I managed to make it to bed time with only a few bruises and no blood - that is a success. Watching them sleep, having a quiet moment to reflect, I realize that my superhero and I have done a good job for the most part. While farting at the table is hardly acceptable, they learned it from their father who still laughs every time it happens. It rarely happens in public and it show a connection, albeit a stinky one, to their Dad. My oldest, who may seem bossy, is a leader with strong ideas and values. He is being honored at school this week with an award that speaks directly to his character. That is a success!! My second who is a blubbering mess because he does not agree with his brother is kind and soft. Not one to agree with the injustices of the world. He would give the shirt off of his back to help someone out. That is a success. My 3rd who is raging because his brother is crying, is my defender, ready to protect those who he loves. He is strong willed and kind, that is a success! Of course there is my sheepish baby, playing with all the switches he has been told time and time again not to touch. He is curious and persistent -  traits that could carry him far in life or possibly land him in jail, but lets focus on the positive! That is a success!  They say please and thank you, they care about each other. They are not quiet, nor compliant and at the end of the day, I prefer it that way. I am told time and time again that they are nice boys and to me, this is the most important trait of all. It is difficult to stop and see those successes when you are caught up in the chaos of life. I think it is important to take time to reflect and see that what you have before you, is magical and amazing. It is important to remember that the silence is far more deafening than the noise ever could be. I have lived with the silence, when my 2nd first got sick. To hear him, even if he is whimpering, is amazing!
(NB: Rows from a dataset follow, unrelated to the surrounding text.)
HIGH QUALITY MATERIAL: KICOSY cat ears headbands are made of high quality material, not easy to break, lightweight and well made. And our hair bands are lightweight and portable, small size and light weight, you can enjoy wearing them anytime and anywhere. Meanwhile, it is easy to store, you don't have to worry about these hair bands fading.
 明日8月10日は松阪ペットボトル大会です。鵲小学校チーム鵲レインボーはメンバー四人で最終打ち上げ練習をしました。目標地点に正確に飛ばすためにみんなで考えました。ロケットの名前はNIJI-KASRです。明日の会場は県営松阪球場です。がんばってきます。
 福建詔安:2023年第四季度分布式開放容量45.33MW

I am proud to be a mom of kind children who are active, energetic and ready to tackle this world. I never want to extinguish any of those amazing characteristics!
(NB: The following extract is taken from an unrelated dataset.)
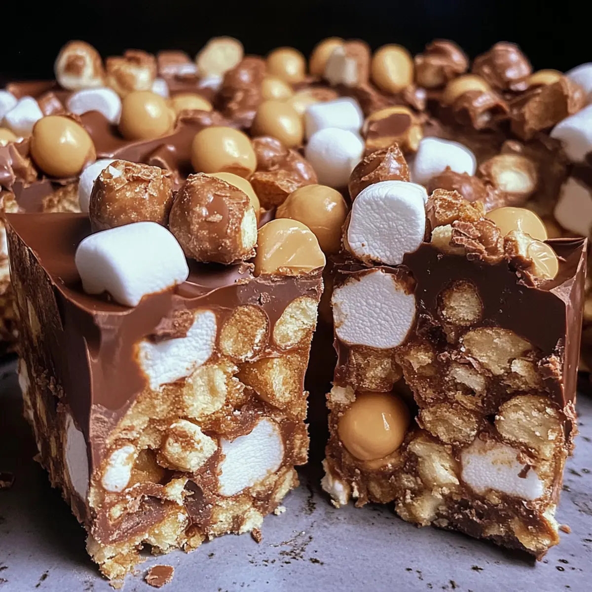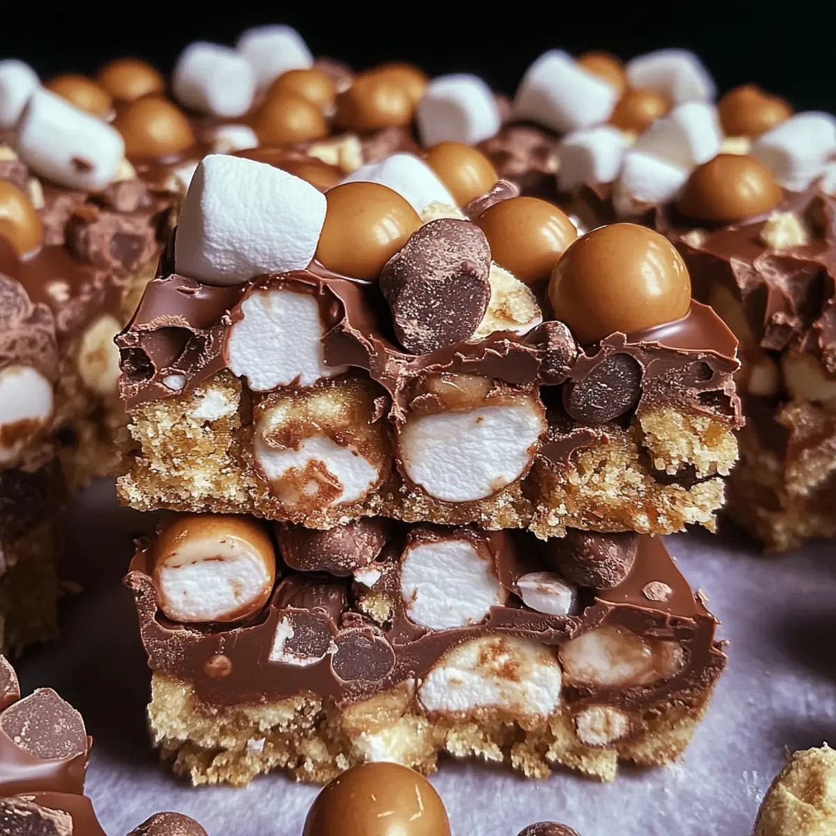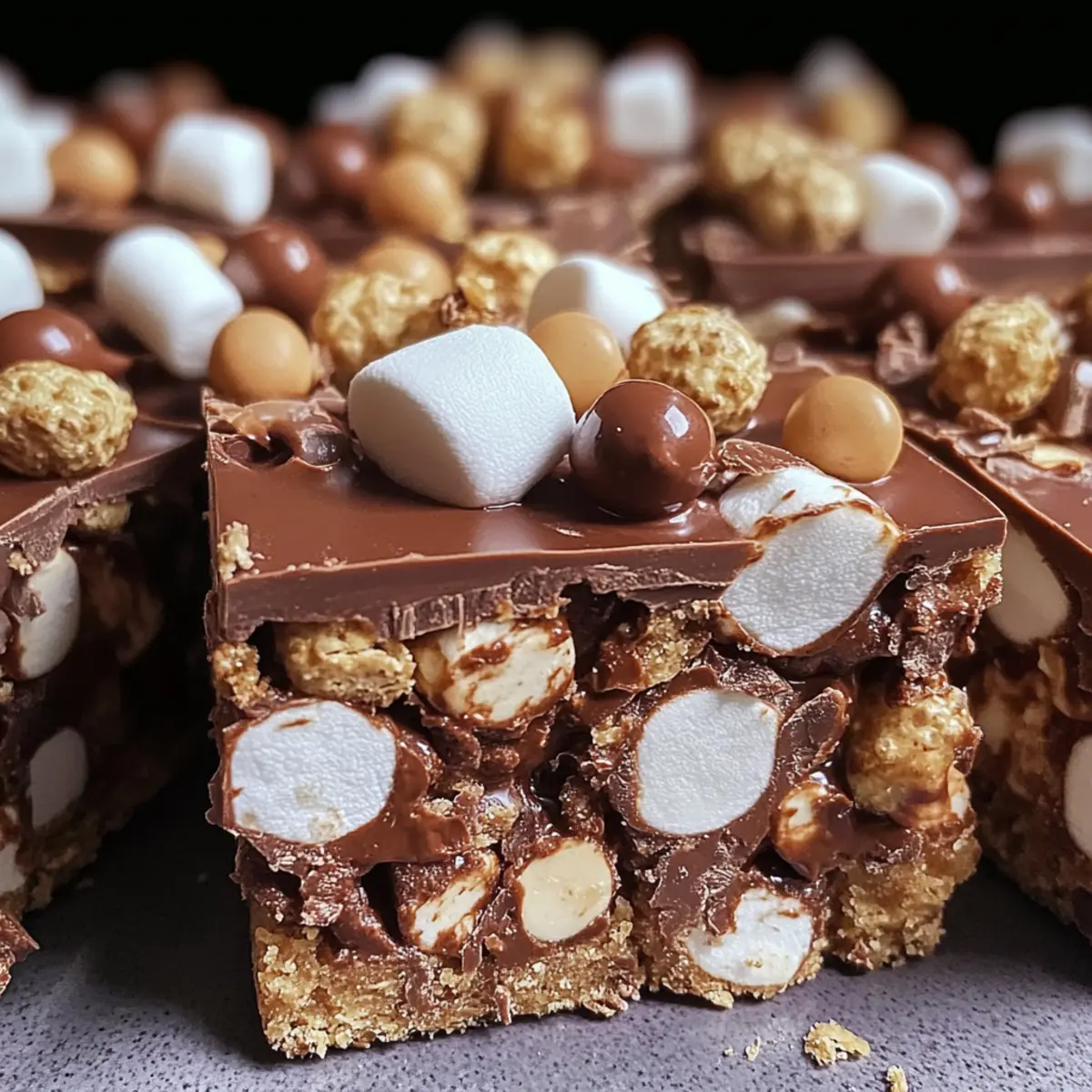 As I unwrapped the vibrant package of Maltesers, an irresistible urge to create something extraordinary washed over me. Enter the No-Bake Maltesers Rocky Road Bars – a heavenly treat that marries rich dark and milky chocolate with the delightful crunch of biscuits and the softness of marshmallows. This recipe is not only a swift endeavor, taking just around 30 minutes of your time, but it’s also a guaranteed showstopper that will have your family and friends coming back for seconds. Perfect for gatherings or cozy nights in, these bars are your new go-to for a delicious crowd-pleaser. Why not give in to your sweet cravings and make a batch today? What special twist will you add to your Rocky Road Bars? Why are Rocky Road Bars so delightful? Simplicity, these bars require no baking, making them perfect for anytime cravings. Rich Flavor from the combination of dark and milk chocolate creates an indulgent treat. Crowd-Pleaser status is guaranteed—who can resist that delightful mix of crunchy biscuits and chewy marshmallows? Versatile by nature, you can easily customize them with added nuts or different chocolates. Quick to Prepare, ready in about 30 minutes, they are a perfect solution for any last-minute dessert need. Why not pair them with a scoop of vanilla ice cream for an extra treat, just like with my Soft Baked Bars or serve alongside a slice of Peach Crumble Bars for a comforting dessert duo? Rocky Road Bars Ingredients • Whip up these irresistible Rocky Road Bars with simple ingredients you’ll love! For the Base Butter – Adds richness and helps bind ingredients; use unsalted for better flavor control. Golden Syrup – Provides sweetness and moisture; corn syrup is a fine substitute if needed. Dark Chocolate – Contributes a rich flavor base; go for high-quality chocolate for the best experience. Milk Chocolate – Balances the bitterness of dark chocolate with its creamy sweetness. Fillings Malted Milk Biscuits – Offer a delightful crunch and texture; graham crackers work well as a substitute. Mini Marshmallows – Bring chewiness and sweetness; opt for gelatine-free for a vegetarian-friendly option. Maltesers – The star of the show! These chocolate-coated candies provide a delightful crunch; feel free to swap with similar treats. Step‑by‑Step Instructions for Rocky Road Bars Step 1: Prepare the Tin Start by lining an 8-inch square tin with baking paper, ensuring you leave some overhang for easier removal later. Lightly grease the paper with butter to prevent sticking. This will be the foundation for your Maltesers Rocky Road Bars, so make sure it’s set up nicely before moving on to the delicious mixture. Step 2: Melt Ingredients In a medium saucepan, combine the butter, golden syrup, dark chocolate, and milk chocolate. Place the pan over low heat, gently stirring continuously until everything is melted and well combined, forming a silky chocolate mixture. This should take about 5–7 minutes. Once melted, remove from heat and let it cool for 10 minutes. Step 3: Mix Fillings While the chocolate mixture is cooling, take a large mixing bowl and add the broken malted milk biscuits, mini marshmallows, and the cherished Maltesers. Gently combine these ingredients, making sure they are evenly distributed. The combination of textures in this step will set the stage for your indulgent Rocky Road Bars. Step 4: Combine Mixtures Pour two-thirds of the cooled chocolate mixture over the biscuit and marshmallow combination. Stir it gently until all the pieces are well-coated with the rich chocolate, which will help bind everything together. This is the moment your Rocky Road Bars start to come alive with flavor and texture. Step 5: Set in Tin Transfer the coated mixture into your prepared tin, pressing it down with a spatula to ensure it’s compact and smooth. Fill any gaps with the remaining chocolate mixture, drizzling it generously over the top. Tap the tin lightly on the countertop to remove any air bubbles and create a snug fit for the bars. Step 6: Decorate To add a personal touch to your Maltesers Rocky Road Bars, scatter extra Maltesers on top. For a decorative flair, press some of them in half into the mixture. This not only enhances the presentation but also guarantees a delightful chocolatey bite in every piece. Step 7: Chill Place your creation in the refrigerator and allow it to chill for at least 3-4 hours or overnight if you can resist. This chilling time is crucial for setting the bars firm, ensuring you achieve those perfect clean cuts when you’re ready to slice them up. Step 8: Slice and Store Once set, remove the Rocky Road Bars from the tin using the overhang of the parchment paper. Use a sharp knife to cut them into squares or rectangles, making sure to wipe the knife between cuts for clean edges. Store any leftovers in an airtight container at room temperature for up to two weeks—if they last that long! Storage Tips for Rocky Road Bars Room Temperature: Store your Rocky Road Bars in an airtight container at room temperature for up to 1-2 weeks. This will help retain their deliciously chewy texture. Refrigeration: For a firmer texture, refrigerate the bars, where they can stay fresh for up to 3 weeks. Just make sure they are tightly sealed to prevent them from drying out. Freezing: If you want to save some for later, wrap individual bars in plastic wrap and place them in a freezer-safe container. They can be frozen for up to 3 months. Thawing: When ready to enjoy, simply remove from the freezer and let the Rocky Road Bars thaw at room temperature for about 15-20 minutes before serving. What to Serve with No-Bake Maltesers Rocky Road Treats Satisfy your sweet tooth with a decadent spread of delicious options that will elevate your dessert experience. Vanilla Ice Cream: The creamy texture complements the chewy Rocky Road Bars beautifully, balancing rich flavors with a refreshing chill. Chocolate Sauce: Drizzling warm chocolate sauce on top adds an ex

I will enjoy this enlightening moment as I relax in the silence of my house, I know it is only hours until it erupts with chaos again. I know that I have a ton of work to do as a mom and that I will never be perfect (at least any more than I already am). I know that I have done my best. I know that as I may lose sight of my profound new insights, they are tucked securely in my heart until that magical hour when bedtime rolls around again and I have the time and peace to reflect on the amazing success that I call my boys!